- WORK ITEM: Copy the listing exactly, please, and keep every picture out of it.

- EXERCISE INPUT:

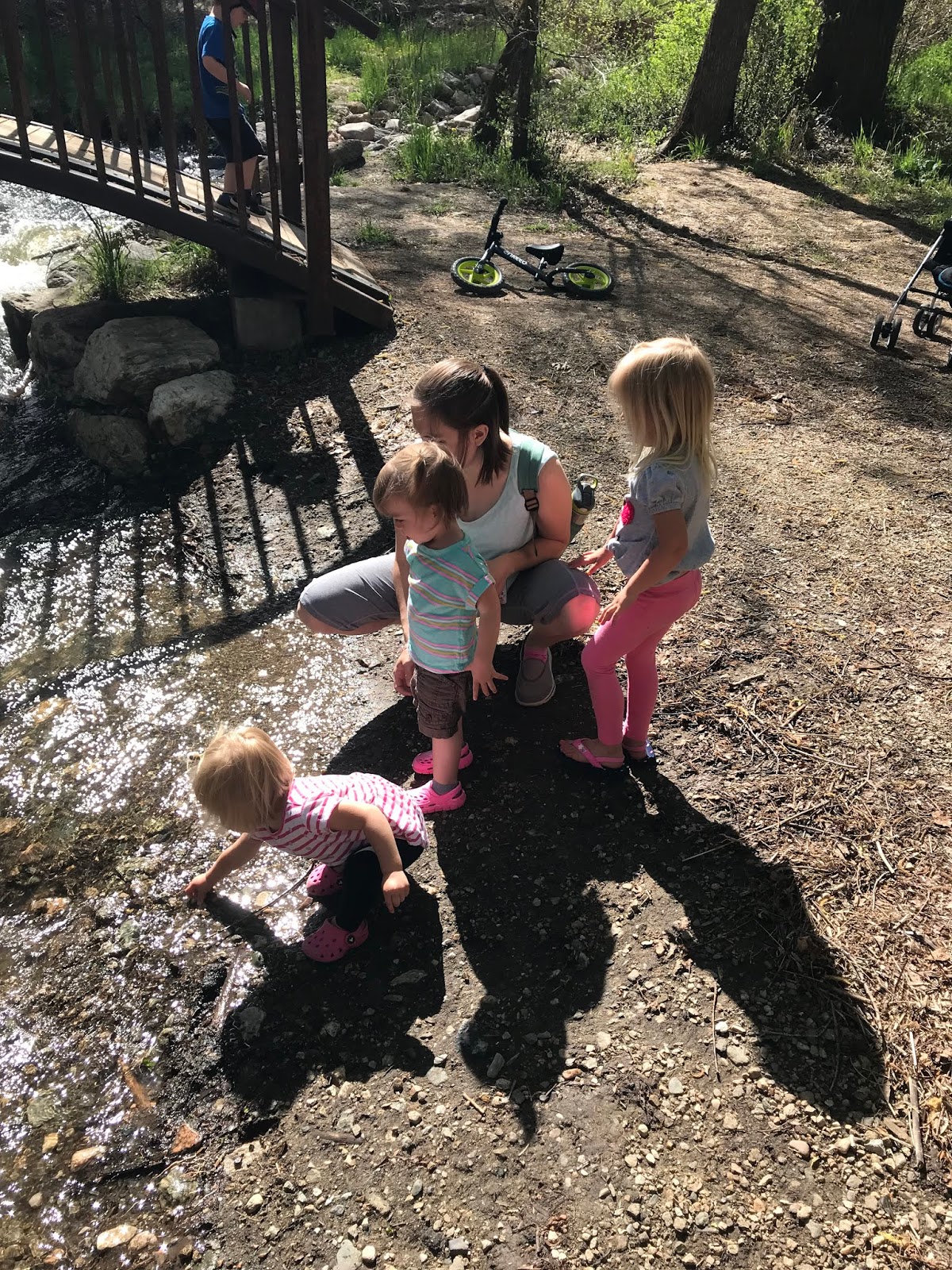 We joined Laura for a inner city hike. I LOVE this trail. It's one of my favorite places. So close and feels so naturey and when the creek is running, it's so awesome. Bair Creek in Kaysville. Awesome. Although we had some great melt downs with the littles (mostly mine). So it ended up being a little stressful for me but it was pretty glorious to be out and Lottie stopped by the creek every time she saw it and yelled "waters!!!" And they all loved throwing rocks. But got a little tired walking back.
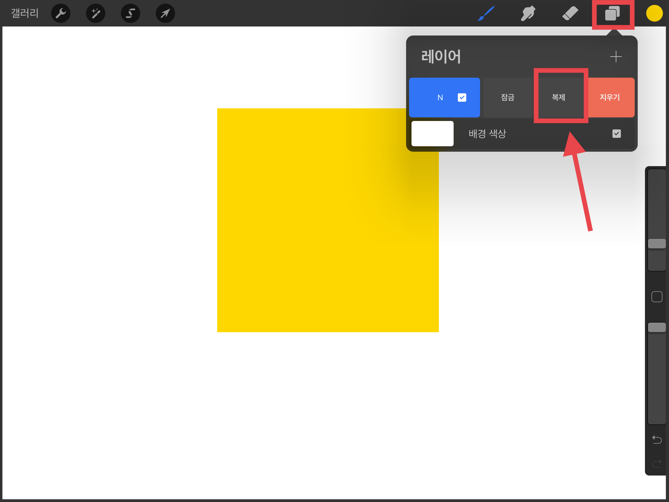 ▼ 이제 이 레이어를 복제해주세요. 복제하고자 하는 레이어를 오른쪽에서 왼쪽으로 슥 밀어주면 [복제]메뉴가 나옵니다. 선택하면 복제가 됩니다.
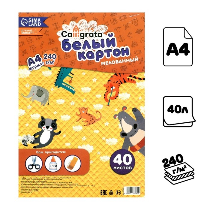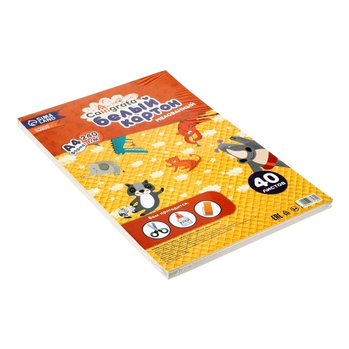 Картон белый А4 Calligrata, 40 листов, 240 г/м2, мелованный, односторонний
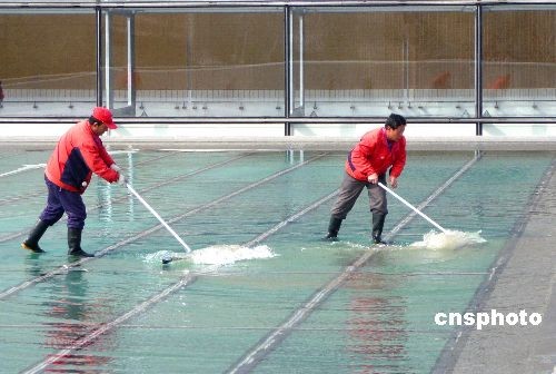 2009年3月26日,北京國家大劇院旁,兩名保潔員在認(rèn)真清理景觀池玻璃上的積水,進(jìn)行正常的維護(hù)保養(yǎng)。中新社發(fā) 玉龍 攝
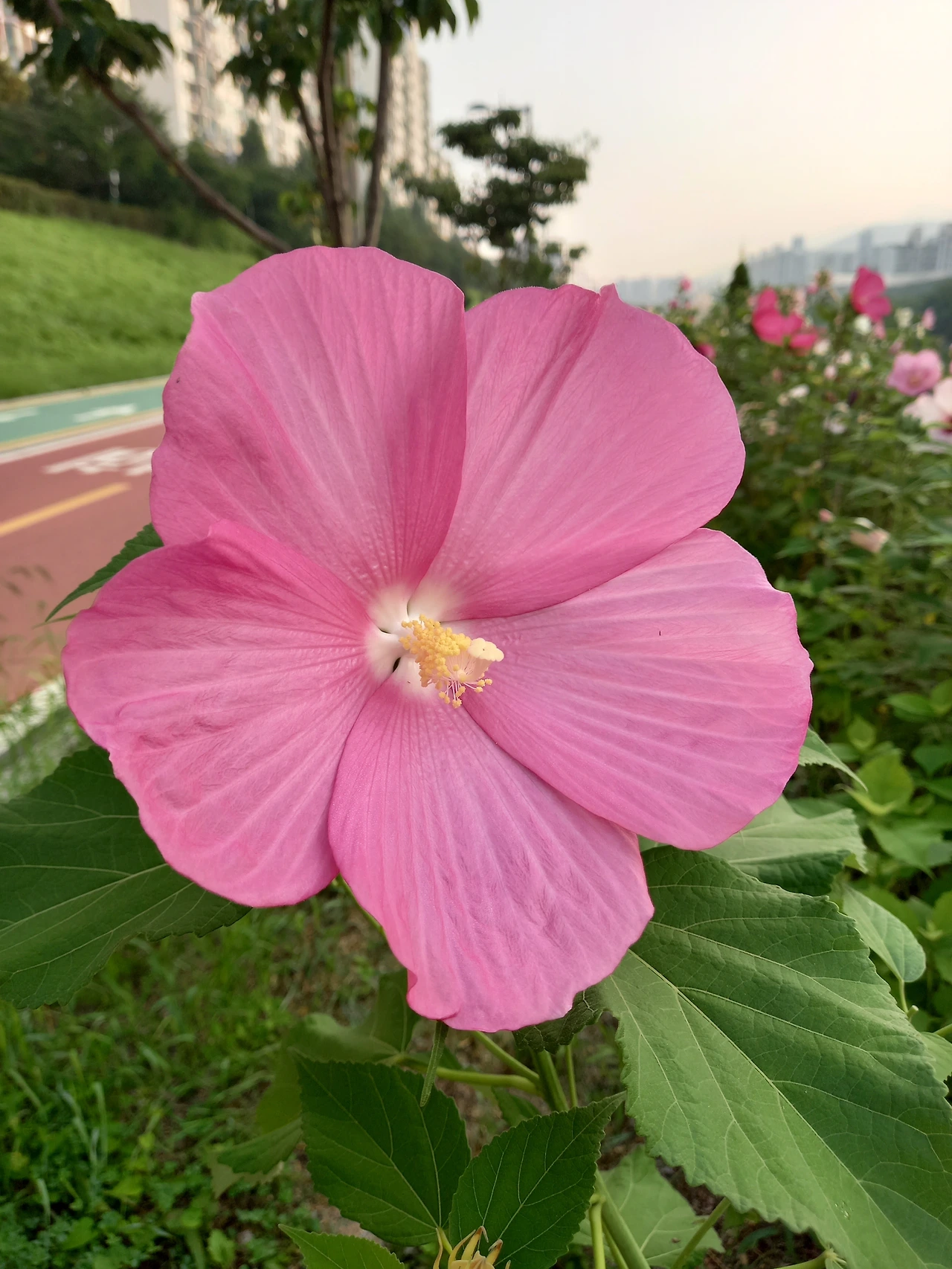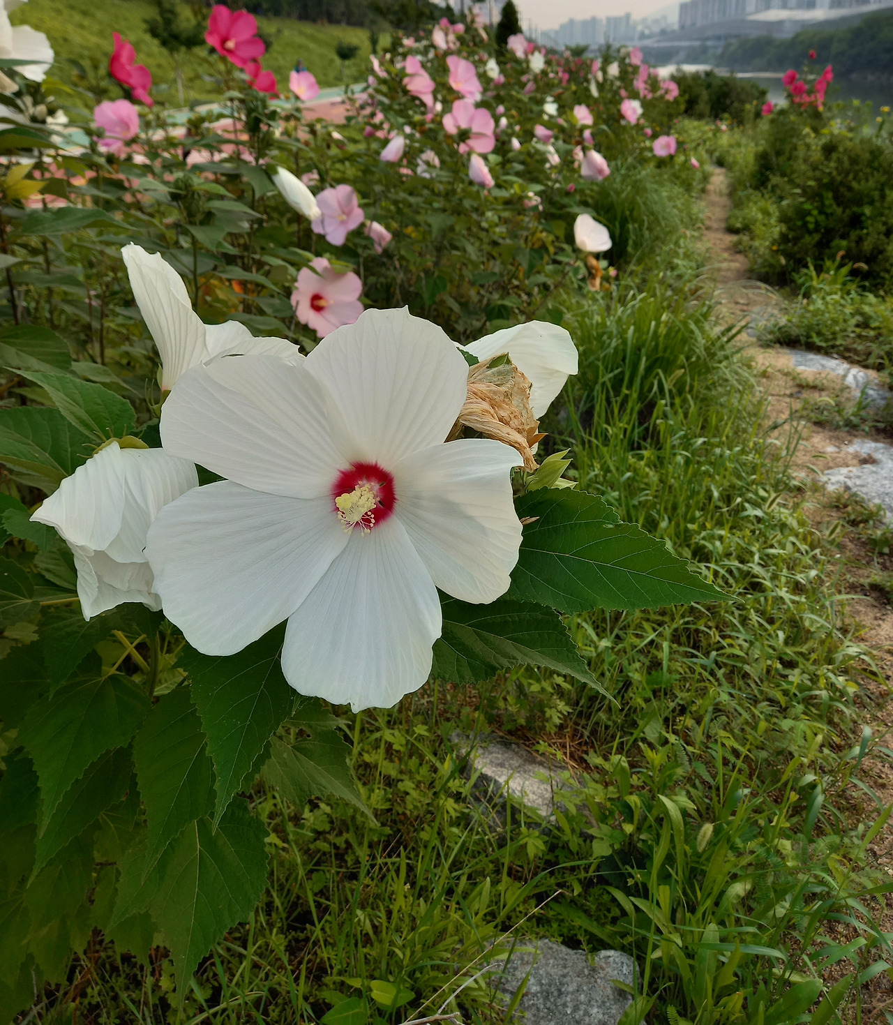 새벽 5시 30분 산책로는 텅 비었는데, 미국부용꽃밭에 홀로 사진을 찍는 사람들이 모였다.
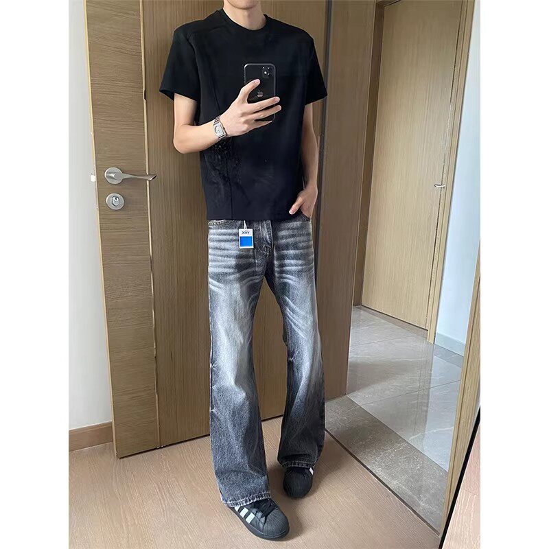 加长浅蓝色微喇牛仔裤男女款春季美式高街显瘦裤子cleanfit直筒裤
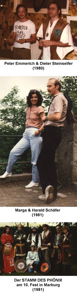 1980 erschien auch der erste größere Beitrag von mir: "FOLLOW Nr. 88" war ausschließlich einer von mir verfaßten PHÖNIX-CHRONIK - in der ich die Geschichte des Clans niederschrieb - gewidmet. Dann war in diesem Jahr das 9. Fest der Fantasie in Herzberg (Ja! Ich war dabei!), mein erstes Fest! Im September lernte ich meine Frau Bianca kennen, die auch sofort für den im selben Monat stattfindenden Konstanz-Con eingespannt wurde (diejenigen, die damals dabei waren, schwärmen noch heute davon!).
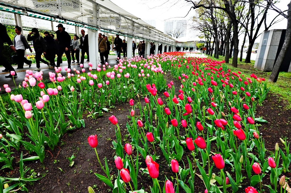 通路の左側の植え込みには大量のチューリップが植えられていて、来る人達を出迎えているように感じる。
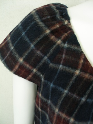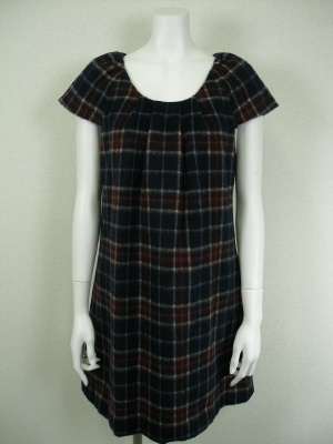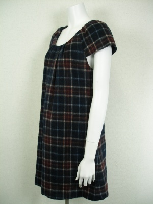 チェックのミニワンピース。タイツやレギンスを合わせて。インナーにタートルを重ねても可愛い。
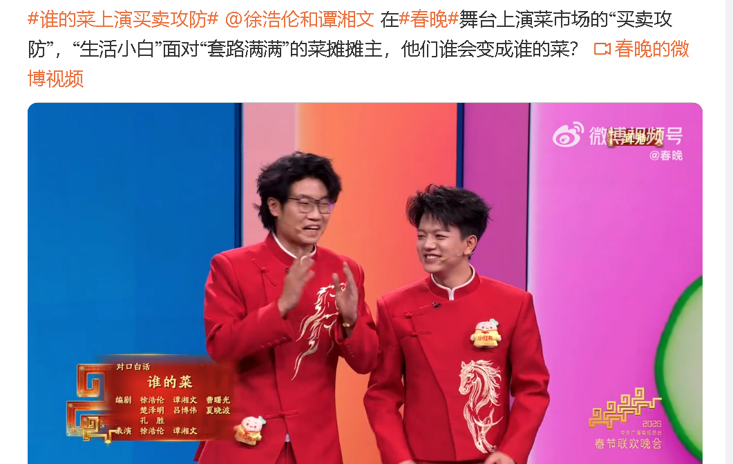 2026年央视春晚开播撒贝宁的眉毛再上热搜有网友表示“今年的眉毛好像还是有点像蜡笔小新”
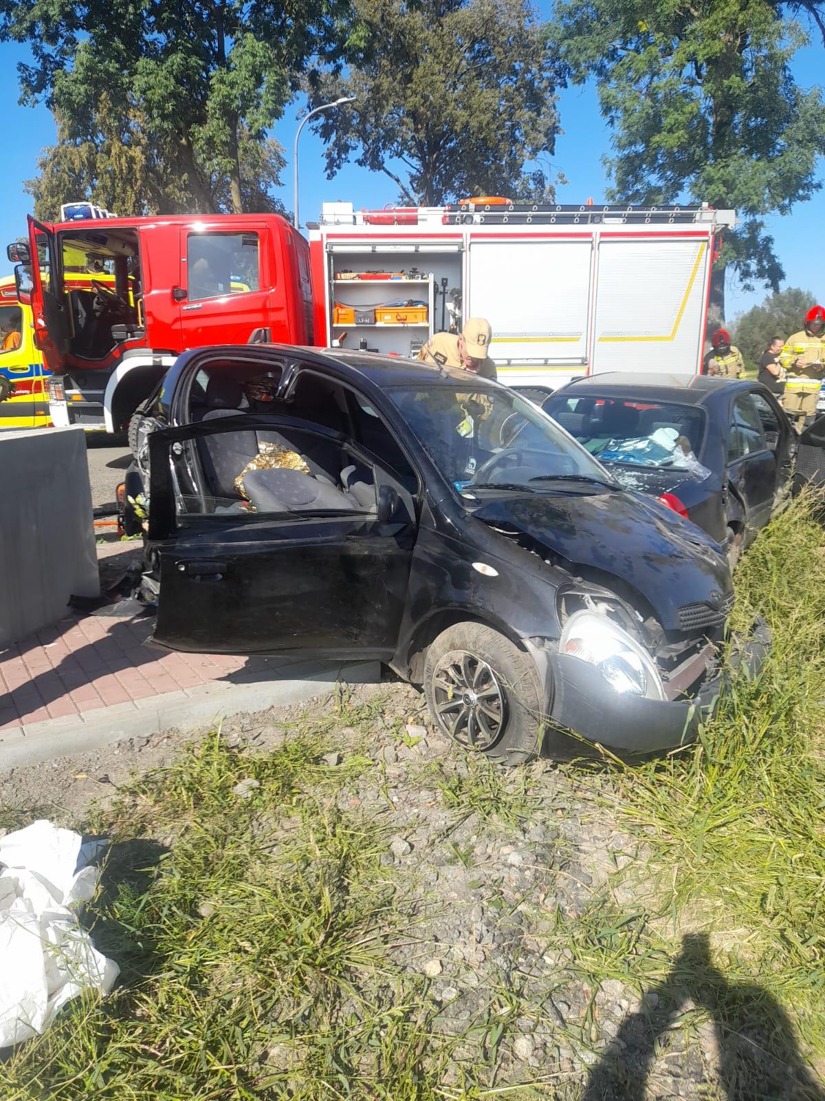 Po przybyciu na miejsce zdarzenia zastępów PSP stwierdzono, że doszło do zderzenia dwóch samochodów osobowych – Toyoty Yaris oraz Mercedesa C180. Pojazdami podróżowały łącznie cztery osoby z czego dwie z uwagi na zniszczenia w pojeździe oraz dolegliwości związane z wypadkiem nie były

- SOLUTION TO THE EXERCISE:
 We joined Laura for a inner city hike. I LOVE this trail. It's one of my favorite places. So close and feels so naturey and when the creek is running, it's so awesome. Bair Creek in Kaysville. Awesome. Although we had some great melt downs with the littles (mostly mine). So it ended up being a little stressful for me but it was pretty glorious to be out and Lottie stopped by the creek every time she saw it and yelled "waters!!!" And they all loved throwing rocks. But got a little tired walking back.
 ▼ 이제 이 레이어를 복제해주세요. 복제하고자 하는 레이어를 오른쪽에서 왼쪽으로 슥 밀어주면 [복제]메뉴가 나옵니다. 선택하면 복제가 됩니다.
 Картон белый А4 Calligrata, 40 листов, 240 г/м2, мелованный, односторонний
 2009年3月26日,北京國家大劇院旁,兩名保潔員在認(rèn)真清理景觀池玻璃上的積水,進(jìn)行正常的維護(hù)保養(yǎng)。中新社發(fā) 玉龍 攝
 새벽 5시 30분 산책로는 텅 비었는데, 미국부용꽃밭에 홀로 사진을 찍는 사람들이 모였다.
 加长浅蓝色微喇牛仔裤男女款春季美式高街显瘦裤子cleanfit直筒裤
 1980 erschien auch der erste größere Beitrag von mir: "FOLLOW Nr. 88" war ausschließlich einer von mir verfaßten PHÖNIX-CHRONIK - in der ich die Geschichte des Clans niederschrieb - gewidmet. Dann war in diesem Jahr das 9. Fest der Fantasie in Herzberg (Ja! Ich war dabei!), mein erstes Fest! Im September lernte ich meine Frau Bianca kennen, die auch sofort für den im selben Monat stattfindenden Konstanz-Con eingespannt wurde (diejenigen, die damals dabei waren, schwärmen noch heute davon!).
 通路の左側の植え込みには大量のチューリップが植えられていて、来る人達を出迎えているように感じる。
 チェックのミニワンピース。タイツやレギンスを合わせて。インナーにタートルを重ねても可愛い。
 2026年央视春晚开播撒贝宁的眉毛再上热搜有网友表示“今年的眉毛好像还是有点像蜡笔小新”
 Po przybyciu na miejsce zdarzenia zastępów PSP stwierdzono, że doszło do zderzenia dwóch samochodów osobowych – Toyoty Yaris oraz Mercedesa C180. Pojazdami podróżowały łącznie cztery osoby z czego dwie z uwagi na zniszczenia w pojeździe oraz dolegliwości związane z wypadkiem nie były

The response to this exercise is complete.